Allen Helton for AWS Community Builders

Posted on Jun 15, 2022 • Originally published at readysetcloud.io

Solutions Architect Tips: How to Design Around Serverless Service Limits

#aws #serverless

As a solutions architect, I attend project design meetings fairly regularly.

One of the things I always listen for in these meetings is the phrase "we can't use service X because the service limit is too low".

Believe it or not, I hear it fairly regularly.

I'm sure the obvious answer that jumps into your mind is to request a service limit increase. And while yes, that is an answer to the problem sometimes, not every quota can be increased. And if it can be increased, it might not reach the scale you need.

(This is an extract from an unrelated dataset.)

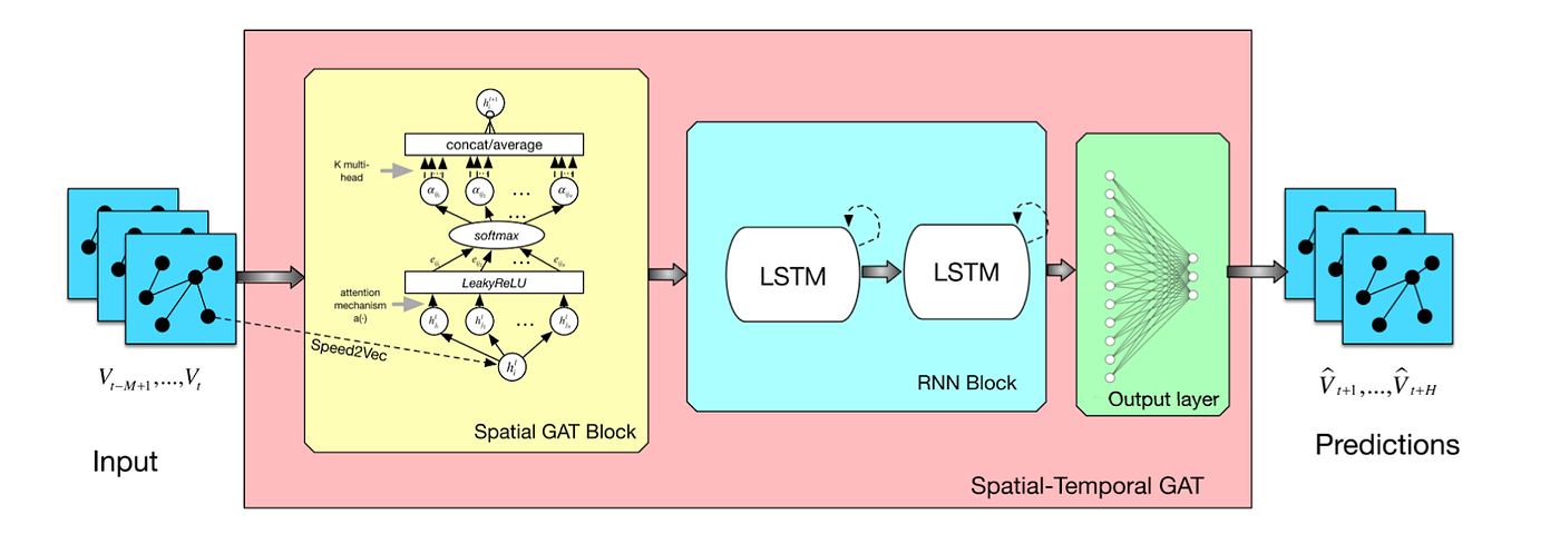 We consider the ST-GAT model for forecasting the average speed of traffic in a traffic network as presented by Zhang et al.

Service limits exist for a reason.

Before you run off and request a service limit increase, ask yourself "why does this limit exist in the first place?" AWS doesn't want you doing that for a reason, and trying to force your way around a limit sounds like a bad idea.

Let's take a few examples and see how we can approach the problem differently to make sure the solutions we design are using the services as intended.

SNS Filter Policies

Amazon SNS has a default limit of 100,000 topics per account (or 1,000 FIFO topics). However, you can only have 200 subscription filter policies per account.

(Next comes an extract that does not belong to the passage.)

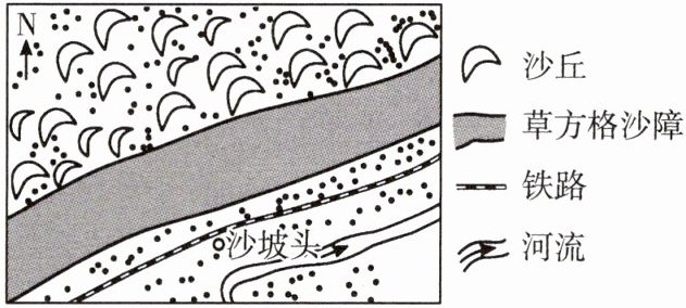 草方格沙障是一种防风固沙、涵养水分的工程措施,用麦草、稻草、芦苇等材料扎入沙丘中形成1米×1米左右的方格网。如图所示为宁夏回族自治区沙坡头草方格沙障示意图。据此完成第9、10题。

This seems like an odd distribution. If you max out both limits, that means only .2% of your topics could have a subscription filter (assuming you had one subscription per topic).

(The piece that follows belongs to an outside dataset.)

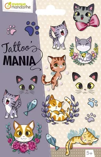 My Mandarine CC056C – TATOO'MANIA (tatuaże zmywalne) – 1 arkusz 10,5×16 cm – 15 tatuaży – od 5 lat – Koty
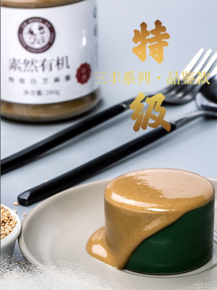 三丰 特级有机白芝麻酱 纯小磨麻汁调味品 拌菜拌饭酱料 150g

I don't know why the service limits vary so drastically, but it needs to be taken into consideration when designing your application.

Let's take a real world example.

You have an multi-tenant application that allows integrators to subscribe to events. The application has an increasing amount of subscribable events as development continues.

The first time I implemented an architecture to satisfy this scenario, I was unaware of the subscription filter limit. I had come up with a plan where all subscriptions are on the same topic. A filter policy was added to each topic to include tenant, event(s), and other filters.

Simple approach to a generic subscribe endpoint with filters

This worked....until it didn't. Once I reached the subscription filter service quota for SNS, I had to quickly rethink the solution.

Rather than creating a single topic that all subscriptions go through, I ended up going with many topics that were created dynamically with no filters.

Pattern for building topics dynamically instead of using filters

This pattern allows for you to take full advantage of the vast amount of topics you can create in an account. The drawback is that you now have to manage when to publish to specific topics. This might sound like a daunting task, but it is nothing a one-to-many DynamoDB data model can't handle.

Had I known about the service quota prior to designing this the first time, I could have saved the company some serious dev hours not needing to rework the solution.

Lambda Authorizer Result Size

Lambda Authorizers are Lambda functions that sit on top of your API Gateway to perform custom authorization. The authorizer validates the user's identity and returns an IAM policy that includes the ARNs of the endpoints the caller can access. This policy size has a size limit of 8KB.

A while ago I pitched the idea of sharing a Lambda authorizer across your entire ecosystem. Build the auth mechanism once and have it be centralized to your application. A single call would return a policy that includes all endpoints in your application the user has access to. This was great for caching purposes, but again, we run into issues when we talk about scale.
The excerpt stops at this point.